I admit my fascination of railroading runs a little counter to most. While the locomotives are interesting, I find the logistics of moving product more fascinating.
Intermodal trains, particularly those handling primarily domestic containers and trailers are of higher interest to me, particularly those “premium” trains. “Premium” intermodals typically carry UPS trailers/containers. Also those trains will have LTL, Amazon, JBH, and other high priority time sensitive loads.
NS runs a 28N/29C pair between Chicago and Charlotte on a daily basis. CSX offers no competition on this lane. I watch the 28N nearly daily on the Fostoria cam, it is reliably thru between 7 - 8am. It is heavy with JBH, Amazon, and usually has about 10 UPS trailers/containers. It is a “hot” train, often referred to as a “UPS train”.
Saturday morning it had a leader NS1066 the NYC heritage unit so i had the opportunity to track it on passage to Charlotte.

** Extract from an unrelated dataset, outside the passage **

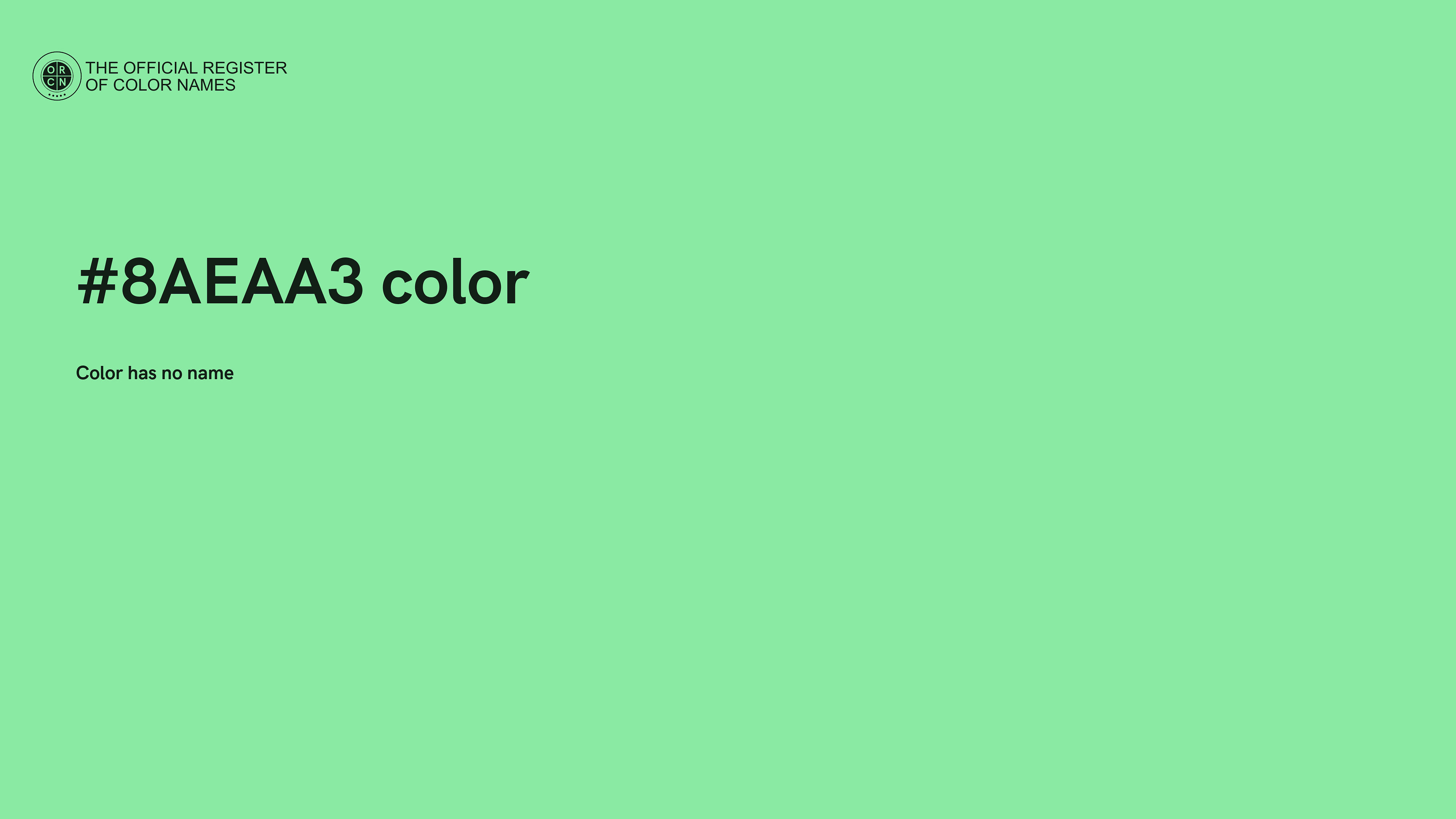 The digital color HEX #8AEAA3 belongs to the Spring Green Color Family featuring High Saturation (Saturation Family) and Very Light (Brightness Family).

Quite a route the NS has carved out. Leaving Calumet Yard in Chicago it moves via the old Nickle Plate to Bellevue, then makes a right hand turn to Columbus (ex PRR and NW line from the 1964 merger of NW/NKP/WAB). South of Columbus it takes the old NW line to Roanoke and then Virginian route to Altavista, Va and makes another right turn on the ex Southern mainline (Washington - Atlanta) to Charlotte. The intermodal yard is Satellite Yard near the airport.
Milage for this is about 1006, based on my 1955 Official Guide. When the route is viewed on a map, it resembles an “M” tilted about 90 degrees. This is NOT a direct high speed route. Driving mileage is 743 (per Google maps). Thus a 35% penalty exists for the intermodal route…quite a delta. Yet, despite the milage penalty the train attracts traffic, with a typical weekday load consisting of 150 - 200 containers and trailers. Again, all domestic.

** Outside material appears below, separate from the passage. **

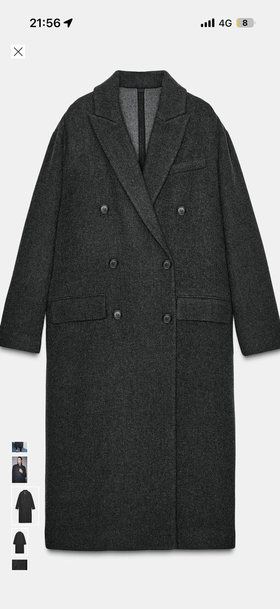 Antrasit renkli, çift düğmeli, uzun kaban. Yumuşak ve sıcak dokuda, yakalı ve kapaklı ceplidir.
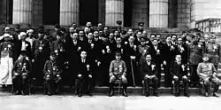 Mas apesar de toda a sua conversa pan-asiática sobre a criação de uma Esfera de Co-prosperidade da Grande Ásia Oriental, onde todos os povos asiáticos viveriam juntos como irmãos e irmãs, na realidade, como mostra o documento de planeamento de Julho de 1943, Uma Investigação da Política Global com a Raça Yamato como Núcleo, os japoneses se viam como a "Grande Raça Yamato" racialmente superior, que estava naturalmente destinada a dominar para sempre os outros povos asiáticos racialmente inferiores. [13] Antes da Conferência do Grande Leste Asiático, o Japão tinha feito vagas promessas de independência a várias organizações anticoloniais pró-independência nos territórios que tinha invadido, mas, à parte uma série de estados fantoches óbvios criados na China, essas promessas não foram cumpridas. realizada. Agora, com a maré da Guerra do Pacífico a virar-se contra o Japão, os burocratas do Ministério dos Negócios Estrangeiros e os apoiantes da filosofia pan-asiática dentro do governo e das forças armadas impulsionaram um programa para garantir a rápida "independência" a várias partes da Ásia numa esforço para aumentar a resistência local aos Aliados e desencadear o regresso destes últimos e para aumentar o apoio local ao esforço de guerra japonês. A liderança militar japonesa concordou em princípio, compreendendo o valor propagandístico de tal medida, mas o nível de “independência” que os militares tinham em mente para os vários territórios era ainda menor do que o de Manchukuo. Vários componentes da Esfera de Co-Prosperidade do Grande Leste Asiático não estavam representados. No início de 1943, os japoneses estabeleceram o Ministério da Grande Ásia Oriental para conduzir relações com os estados supostamente independentes da "Esfera de Co-Prosperidade da Grande Ásia Oriental". [14]

Tracking the heritage unit, it appears the train travelled the 1006 miles in about 34 hours or about 29mph. The ex NW route thru WV is a slow one, online ETT and track charts seem to limit train speed to 40mph and often less.
Here is my point. We think of domestic priority intermodal is point to point fairly high speed (Chi to LA, Seattle, NY, etc) which run on efficient speedways. This route is anything but efficient and fast.

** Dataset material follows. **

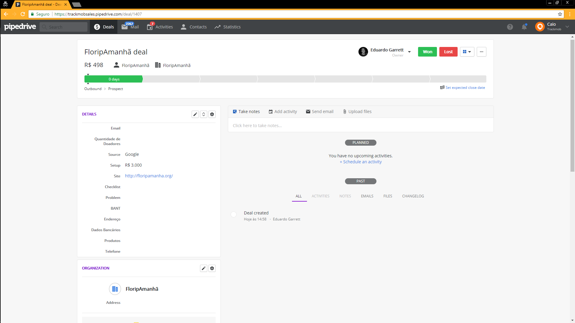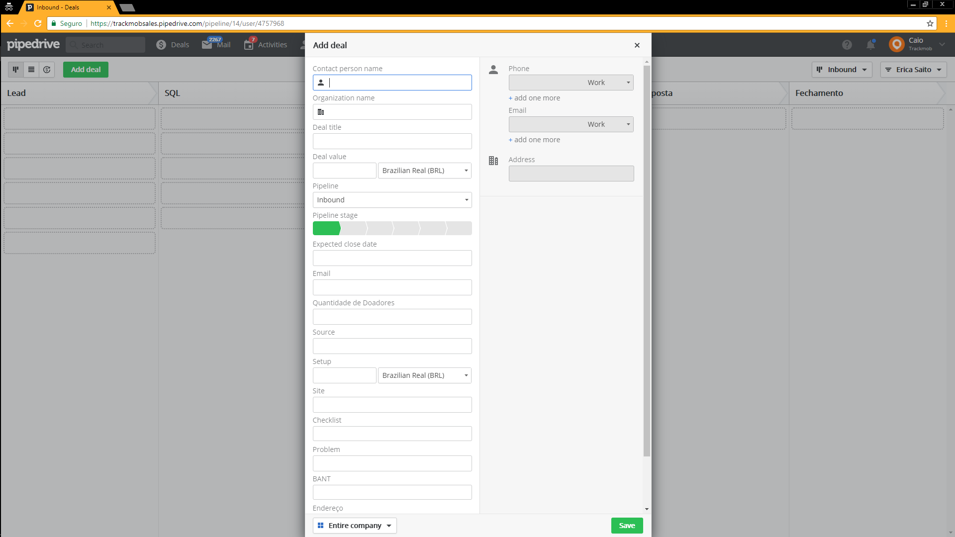 Agora você precisa completar ela com as informações que você tiver sobre o novo Deal, como formas de contato, o valor dele, em que etapa está, se já é qualificado e se faz parte do Inbound ou Outbound.

Yet, it works. Perhaps the mileage (743 by highway) makes it a 2 day delivery by truck anyway. Perhaps there is a need for movements in this lane (which NS owns). No doubt the schedule is built around UPS needs (12am departure from Chicago and arrival early AM in Charlotte).
Any comments on this? I am fascinated by this train, the routing carved out and the execution.